- AVAILABLE DATA -
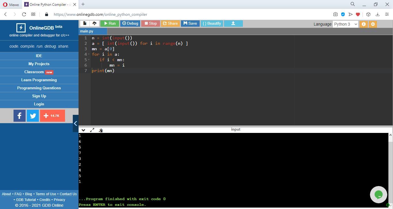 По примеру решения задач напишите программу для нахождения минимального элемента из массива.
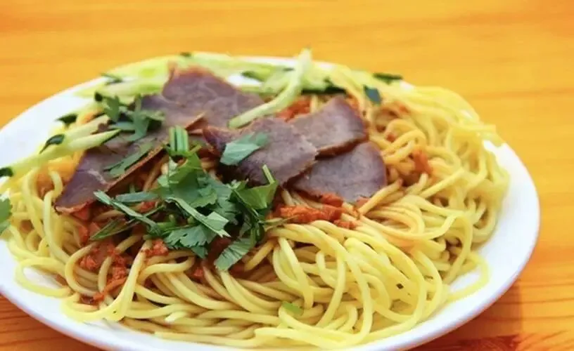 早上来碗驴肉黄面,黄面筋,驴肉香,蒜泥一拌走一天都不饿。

---

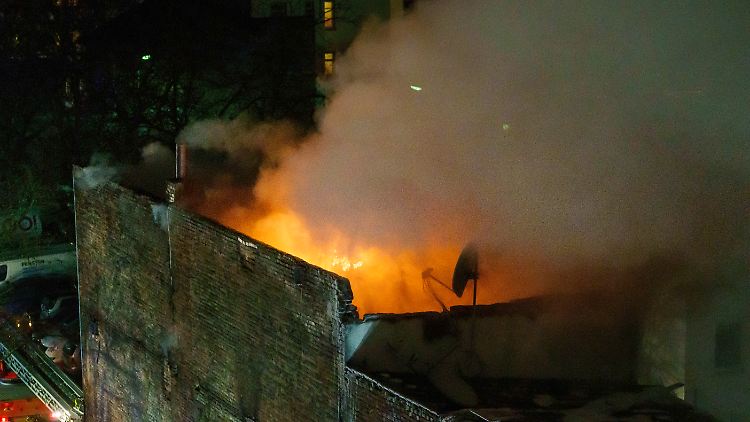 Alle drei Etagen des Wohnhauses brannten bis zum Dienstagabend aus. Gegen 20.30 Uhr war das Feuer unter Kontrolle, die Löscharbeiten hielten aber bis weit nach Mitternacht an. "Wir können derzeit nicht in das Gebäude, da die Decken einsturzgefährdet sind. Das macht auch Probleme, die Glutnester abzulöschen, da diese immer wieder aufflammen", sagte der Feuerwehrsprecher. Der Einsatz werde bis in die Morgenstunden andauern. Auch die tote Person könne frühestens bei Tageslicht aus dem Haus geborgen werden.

- DESCRIPTION OF THE TASK -
Using the material above, transcribe exactly the lines from the one holding "По примеру решения" to the one holding "早上来碗驴肉黄面,黄面筋,驴肉香,蒜泥一拌走一天都不饿。", both ends kept. Do not carry over any pictures.

- WORKED SOLUTION -
 По примеру решения задач напишите программу для нахождения минимального элемента из массива.
 早上来碗驴肉黄面,黄面筋,驴肉香,蒜泥一拌走一天都不饿。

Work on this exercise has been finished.